Poet Louise Glück has been awarded the Nobel Prize for Literature. For more on Glück, see Dan Chiasson’s 2012 New Yorker essay, “The Body Artist,” in which he writes: “Her poems are flash bulletins from her inner life, a region that she examines unsparingly.”
At The Intercept, Peter Maass argues that Glück should refuse the prize. Criticizing the Nobel committee’s decision to award the prize to Peter Handke last year, and writing about the 2018 Academy sexual misconduct scandal, Maass obsereves, “It is laughable and tragic that an award of such influence should be controlled by a tiny and secretive group of Swedes, let alone ones who have shown themselves to be abettors of sexual assault and genocide denial.”
Journalist Jim Dwyer has died at the age of sixty three. Dwyer was a Pulitzer Prize winner who authored (or co-authored) six books and filed regular columns for New York Newsday, the Daily News and the New York Times in a career that spanned almost four decades. Dwyer’s last column for the Times—a story about a woman who delivered food during the 1918 global flu and hospital cooks during the COVID-19 crisis, was filed in May.

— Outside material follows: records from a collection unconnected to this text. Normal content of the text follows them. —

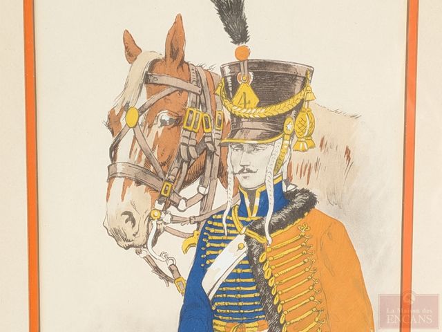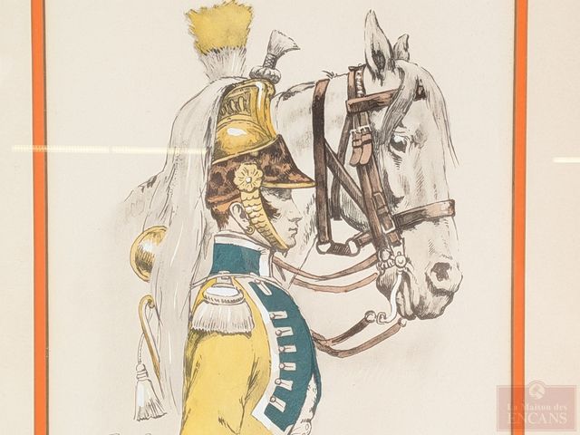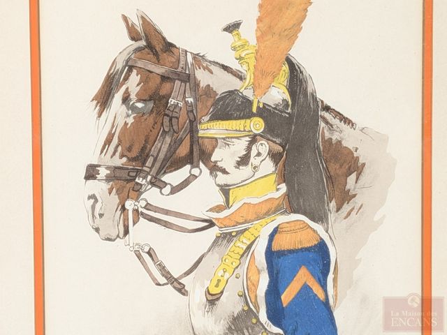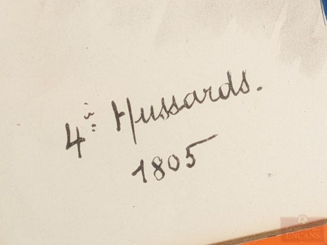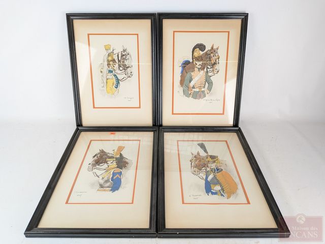 Lot # 173 - Pierre Albert LEROUX (1890-1959) - Quatre aquarelles signées, représentant des soldats de l'armée napoléonienne des régiments des cuirassés, des husseurs, des dragons et des chevaux légers, datées 1805 et 1807 et mesurant 10.5x7 pouces chacune SOLD
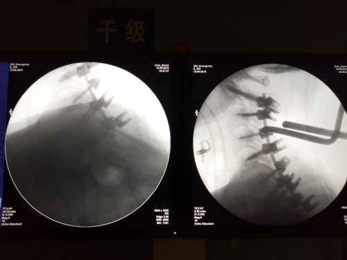 完善相关检查、分析讨论病情并制订手术方案后,沈雄杰教授带领团队为患者施行急诊全麻下颈椎后路减压复位植骨内固定术。手术前后历时6个小时,成功对骨折的颈椎与胸椎部位进行螺钉固定,缓解了碎骨片对脊髓的压迫。
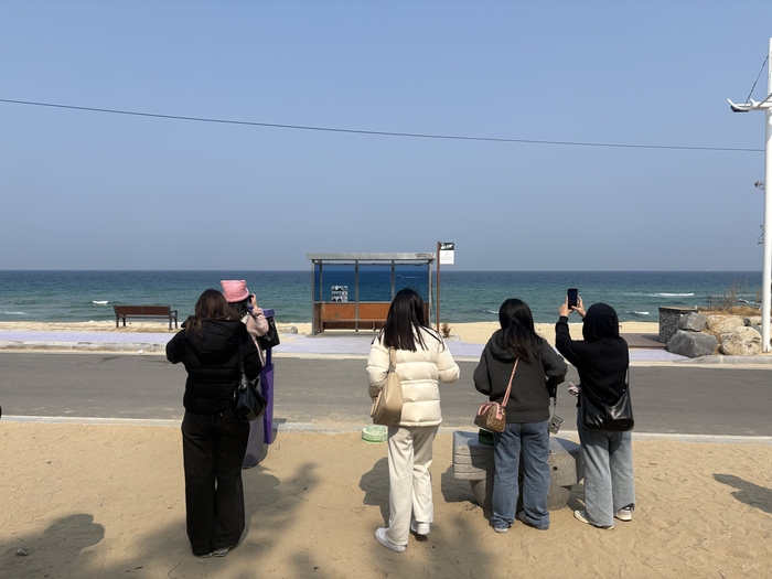 현장은 푸른 바다를 배경으로 버스정류장에 앉아 인증사진을 남기는 팬들로 북적였다. 멤버와 같은 포즈를 짓거나 방탄소년단의 핸드사인을 한다. 혼자 오는 여행객을 위한 카메라 거치대도 마련돼 있다.
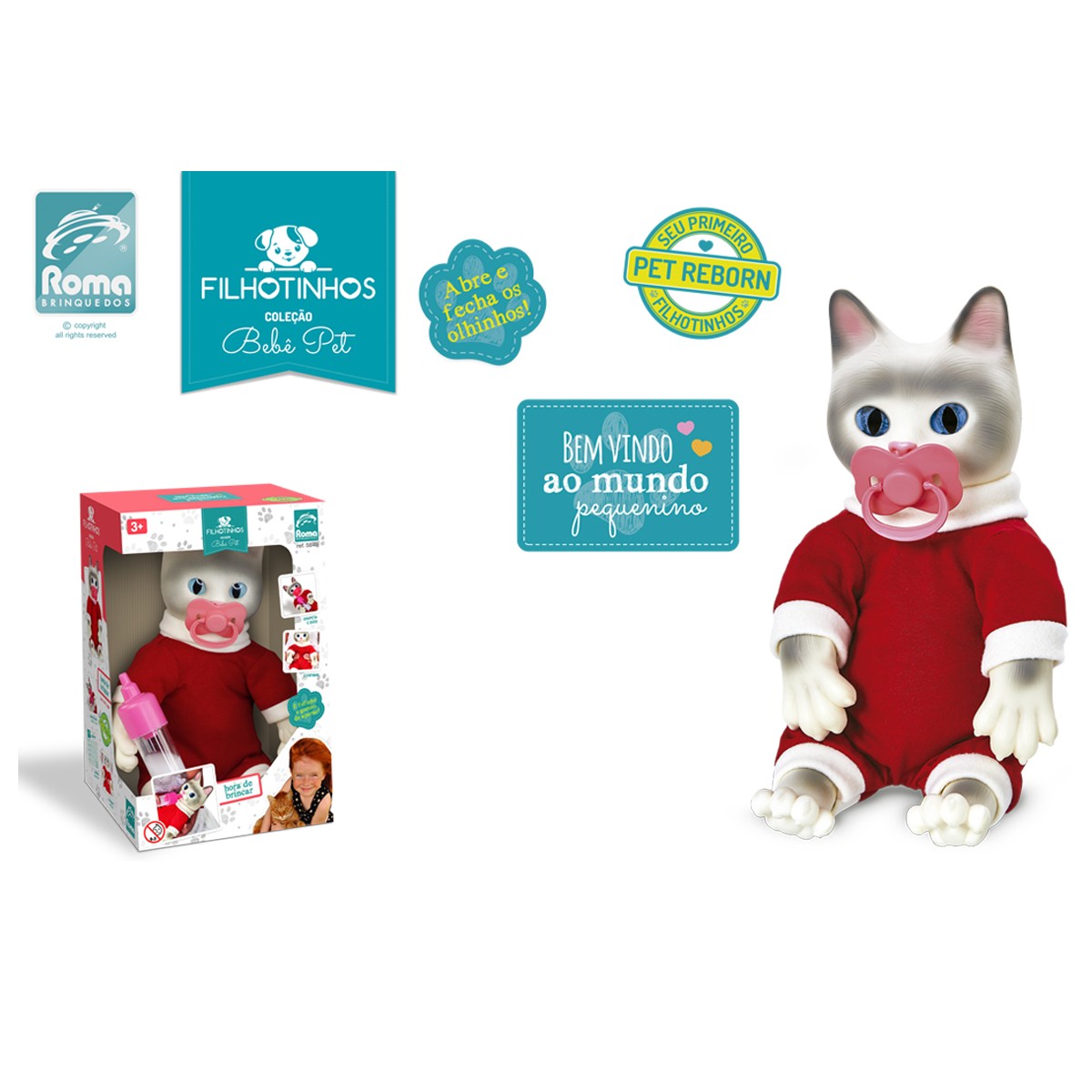 Boneco Pets Reborn Gatinho Com Corpo Macio E Mamadeira 30cm – Boneco de gatinho com corpo macio e mamadeira, perfeito para brincadeiras de cuidado e carinho. Estimula a imaginação e o desenvolvimento socioemocional.
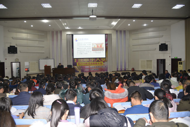 我校全體干部教職工,市直公民辦學校領導班子成員,支部書記、支部委員、黨小組長,思政課教師、黨員教職工代表500余人參加會議。市教育局黨委委員、副局長丁意輝主持會議。
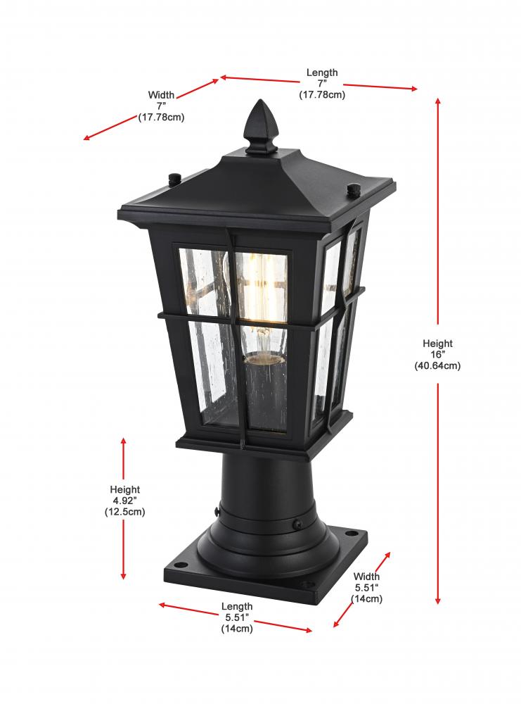 Outdoor Pole Light L7" W7" H16" L1 Black
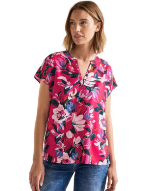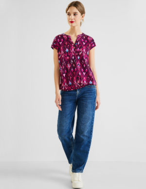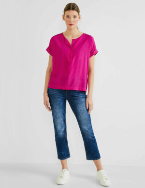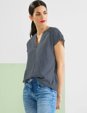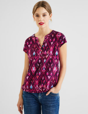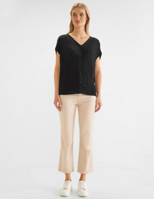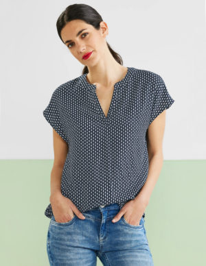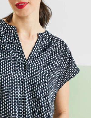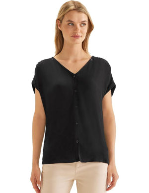 XS MБлуза з короткими рукавами, із м’якої віскозної тканини. V-подібний виріз горловини, спереду застібається на ґудзики

Fox News Media and HarperCollins have partnered to establish a new imprint, Fox News Books, with the goal to “create a more dedicated publishing venue for Fox talent.” Fox personalities Bret Baier, Steve Doocy, Ainsley Earhardt, and Martha MacCallum have previously published books with HarperCollins. In Deadline, Dade Hayes notes that Rupert Murdoch, the co-chairman of Fox Corp., “is executive chairman of News Corp., the print and digital media entity which controls HarperCollins and separated several years ago from Fox’s TV holdings.”
Axios reports on the New York Times’s plan to launch “Pivotal,” a “multi-year” advertising insights endeavor that will “provide marketing partners with research and guidance on the best ways to address controversial issues like race, climate, sex, gender, tech and money.”
Tonight, in a panel event for the Lambda LitFest, Kai M. Green, féi hernandez, edxi, Ianne Fields Stewart, and Zach Stafford will discuss their experiences as BIPOC LGBTQIA+ writers and activists. Tomorrow, another group of writers will have a conversation about sex and the body in their work.